As somewhat of an obsessive perfectionist in certain technical regards, I found one of the conclusions of Mike Davidson’s Lessons From The Roundabout SEO Test to be interesting.
After doing a borderline legitimate (and certainly interesting!) analysis of why he’s the number 5 “Mike” on Google, Davidson concludes:
The findings do support my initial suspicions about web standards as they relate to SEO though: that they matter about as much as a cheap umbrella in a hailstorm. That is to say: kind of. Developers should write clean, semantic code as a matter of professionalism rather than search engine optimization.
That last part is what stuck with me, because it’s something I’ve had in the back of my head for a while. Having the leanest, most semantic markup isn’t going to save the world. Having tight, clean CSS isn’t going to save the dolphins. Validating isn’t going to save the giant panda. And so on.

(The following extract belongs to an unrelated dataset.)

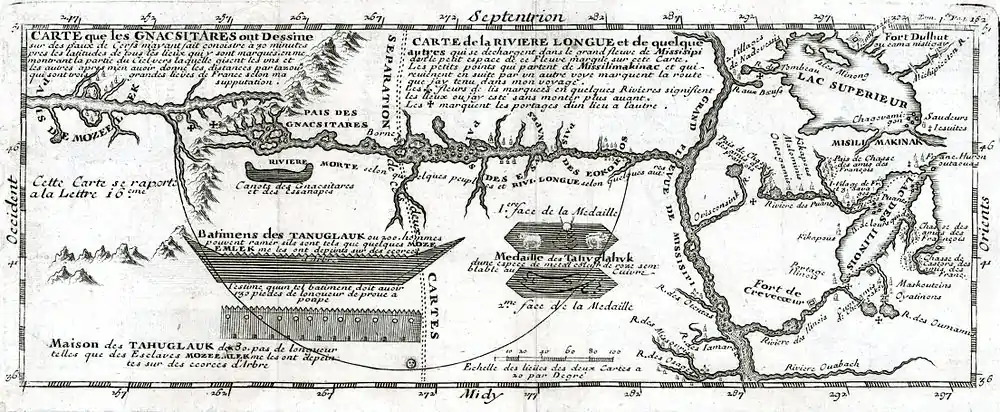 Having already faced the reality of settler life in Beaupré, de Lahontan again led his men to Boucherville to live with local habitants between 1685 and 1687 – himself dividing his time between hunting and classical literature.[1] Just prior to a decision to return to France, Lahontan was ordered –at least in part because of his knowledge of the Algonkian language- to head a detachment of French and native troops towards Fort St. Joseph where he would launch another attack on the Iroquois.[2] He was a restless commander and spent much of his time exploring the region. In 1688 following news of the abandonment of the post at Niagara and renewed attacks of the Iroquois, he burned his fort and led his men to Michillimackinac in search of supplies and possibly entertainment for his men.[2] De Lahontan felt that without supplies from Niagara his dwindling stores would not be enough to last the winter. During the winter and spring months he explored the upper Mississippi valley where he ascended the “Rivière Longue”; some scholars consider this a fanciful tale, others argue that he had discovered the Missouri River.[3]
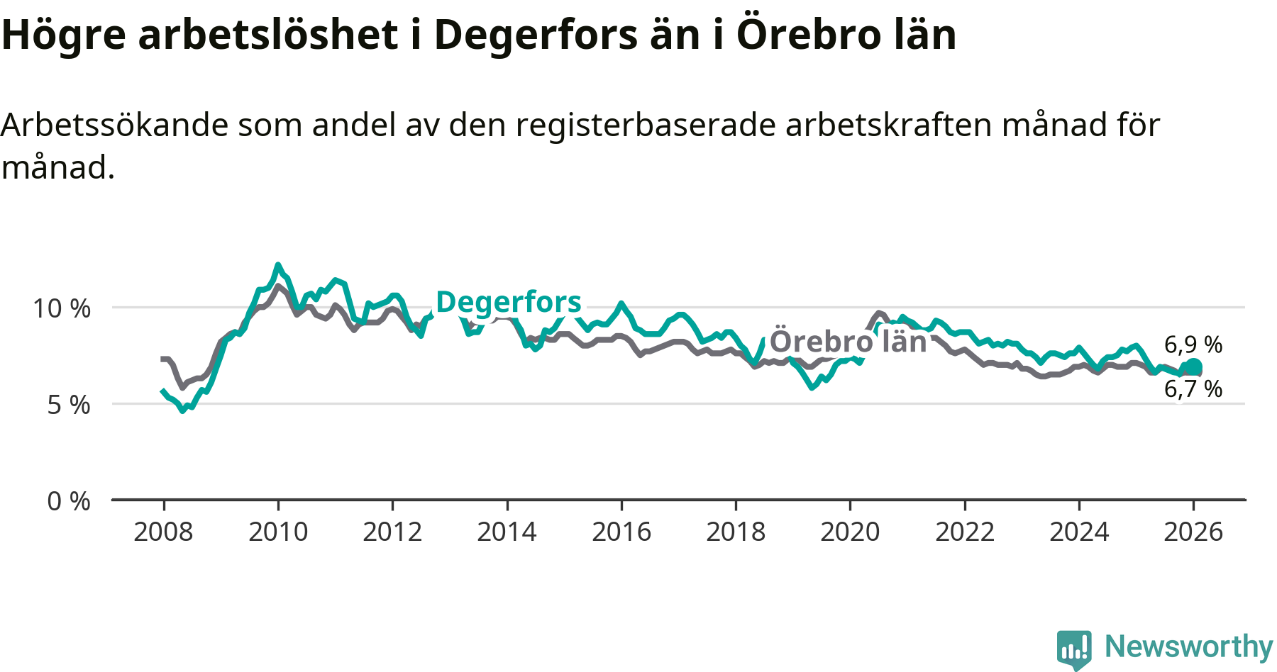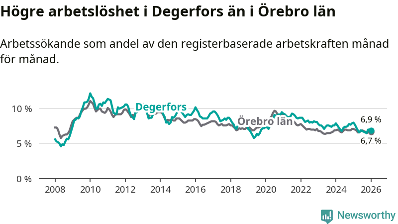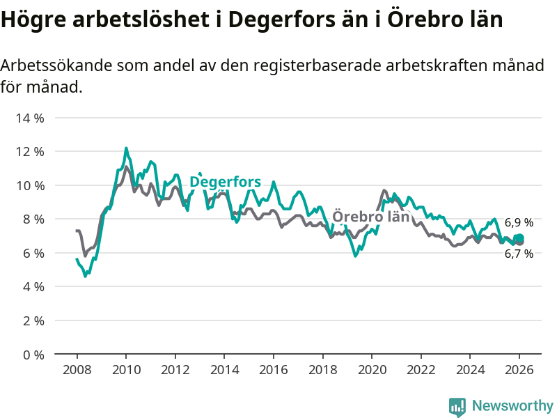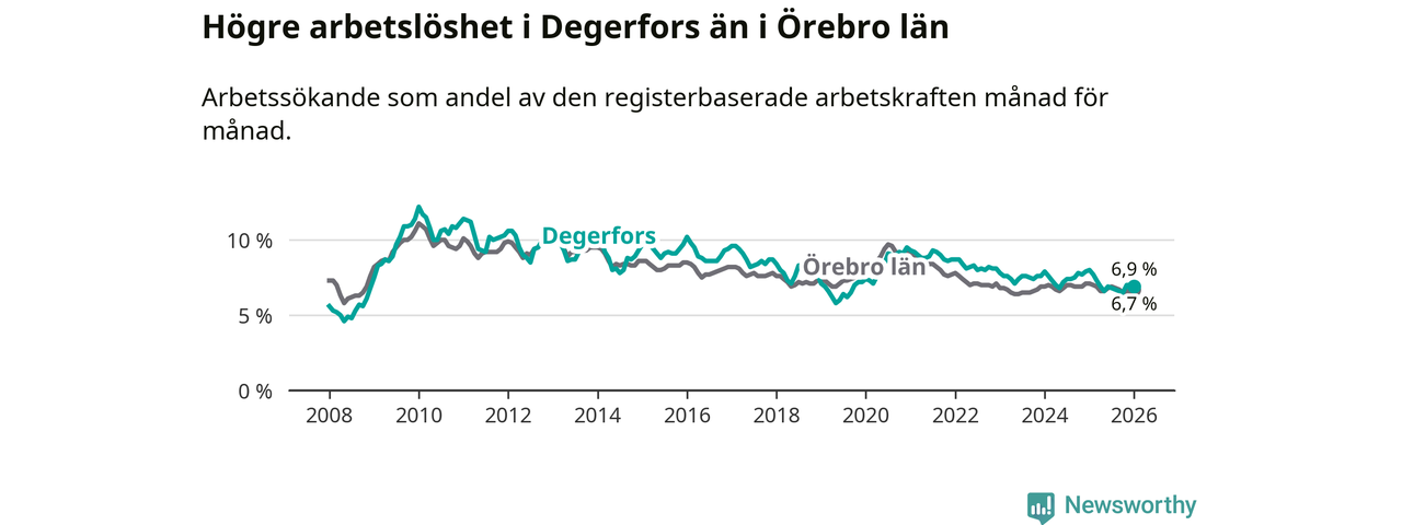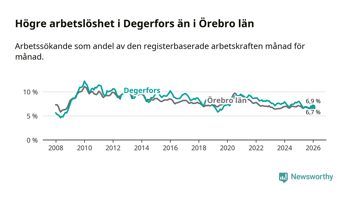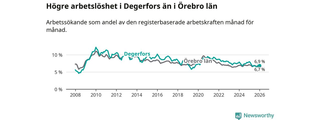 Under januari månad rapporterade Degerfors kommun en total arbetslöshet på 6,9 procent. Det är en minskning jämfört med samma tidpunkt i fjol (−1,1 procentenheter). Även i Örebro län sjunker arbetslösheten .

There are legitimate business and usability reasons to do each of these things, but there is also a deeper “being correct” sense which, I think, is actually valuable on projects with multiple contributors. When I get handed a collection of HTML and CSS which are views in an application and it’s my job to hook it up to a database, I feel good about working on it if the HTML and CSS is put together logically in a way I would have done it myself.
So, on top of the benefits it provides to customers, it’s a professional courtesy. You look at someone’s markup and stylesheets and you can say “ok, this is the sort of person who thinks like me and who I want to work with”.